Technical Debt in Building Machine Learning Systems
Developing a machine learning (ML) system is not the same as software engineering, as I recently wrote. However, there is much to learn from the long history of software engineering. This is hardly surprising as the ML engineer writes code and must own and maintain it. One of the concepts which can be leveraged from software engineering is that of technical debt. Just like in the case of building software systems, costs are incurred when ML systems are developed and deployed (often under tight schedules) without well-thought-out processes and tools to maintain and update them. This eventually leads to disappointment in ML projects a year from deployment.

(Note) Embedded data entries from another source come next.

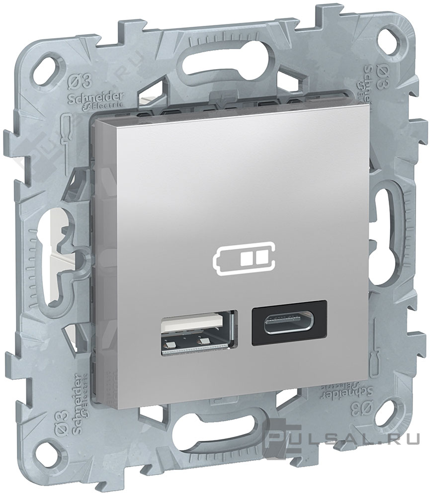 Розетка USB type-C + type-A, 2.4А Unica New Pure, Unica New Studio, USB type-C 5V, USB type-A 5V, двойная, цвет - алюминий
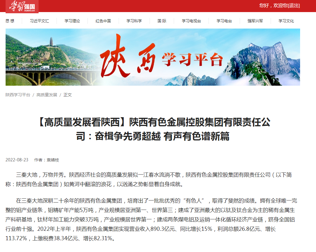 陜西日報(bào)、學(xué)習(xí)強(qiáng)國:奮楫爭先勇超越 有聲有色譜新篇——陜西有色金屬控股集團(tuán)有限責(zé)任公司奏響高質(zhì)量發(fā)展更強(qiáng)音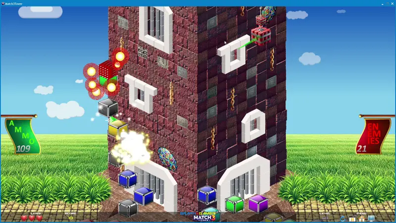 In Match3Tower, players face the exhilarating challenge of defending their tower from countless enemy invasions. Your primary goal is to protect the battle flag at the tower's peak. Should any enemy reach it, the tower will fall. With precise strikes using your magical sword, you can eliminate groups of enemies based on their color, turning the tide of battle in your favor.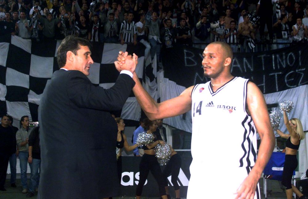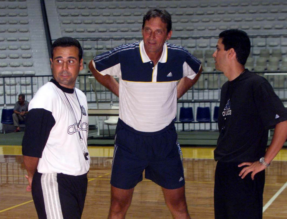 Με τους συνεργάτες του στον ΠΑΟΚ του 1999-2000, Κώστα Φλεβαράκη και Γιάννη Σφαιρόπουλο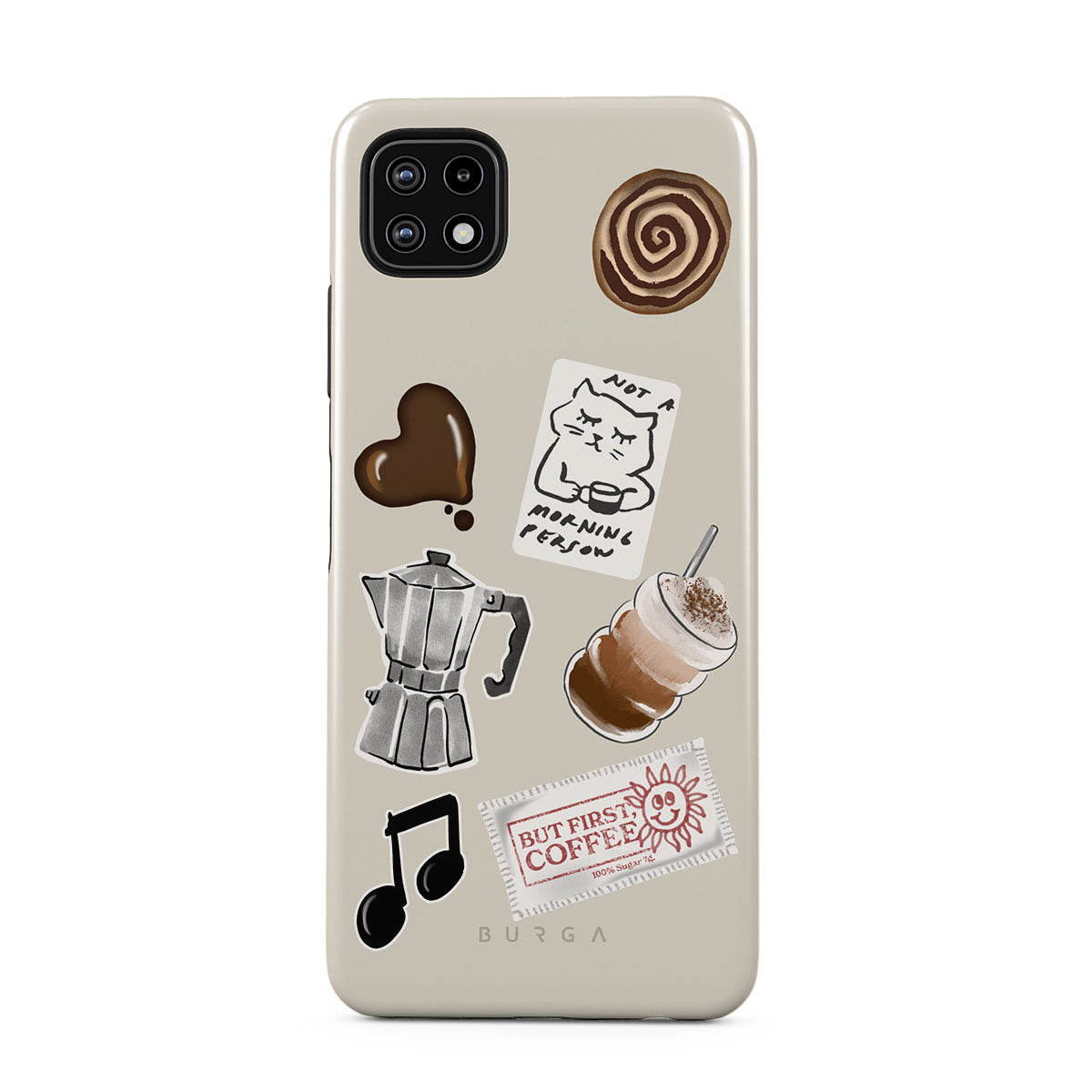 En este diseño: cafetera moka, frappé, rollo de canela, corazón de chocolate, sticker "Not a morning person", ticket "But First, Coffee", nota musical.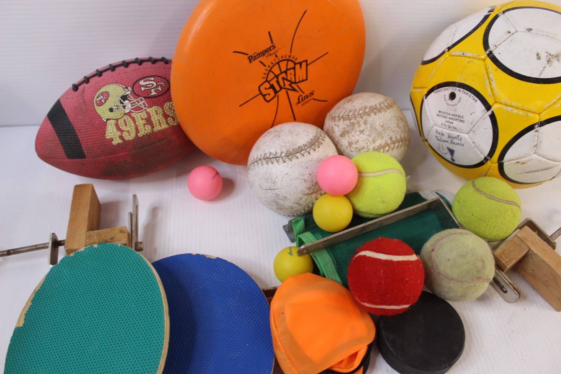 (14+) lot of: Ping Pong Set with Net; & Various Balls

The term technical debt comes from the world of finance (obviously). Just like financial debts, a technical debt must eventually be repaid. And just like in the world of finance, a technical debt often results from an engineering decision made to incur a future cost in order to achieve a more profitable goal (e.g. time-to-market). This is all well and good. However, there are often times when technical debts are incurred not deliberately (the finance analogy breaks down here), but inadvertently. This is where things get messy. Studies into technical debt aim to bring to attention the cases where certain development pathways might lead to undesirable outcomes.
As the world entered an AI spring in the early 2010s, the concept of technical debt in software engineering began to be applied to machine learning. Google researchers in particular published a series of papers at NIPS (now renamed NeurIPS) in 2014, 2015 and 2016 addressing this topic. The papers are worth reading in full. If pressed for time, consider the 6-min read here and 18-min read here. An important takeaway point is that deferring the payment of such debts results in compounding costs. And such compounding happens silently.
The big challenge of technical debt is that it can come in many forms and there is no single silver bullet to address them. There is often not even an objective way to measure it. The qualitative questions proposed by the Google researchers in their papers, which a development team should continually ask themselves, help to keep the topic not far from mind as the race to develop and deploy complex ML systems tends to crowd out concerns of lesser immediacy.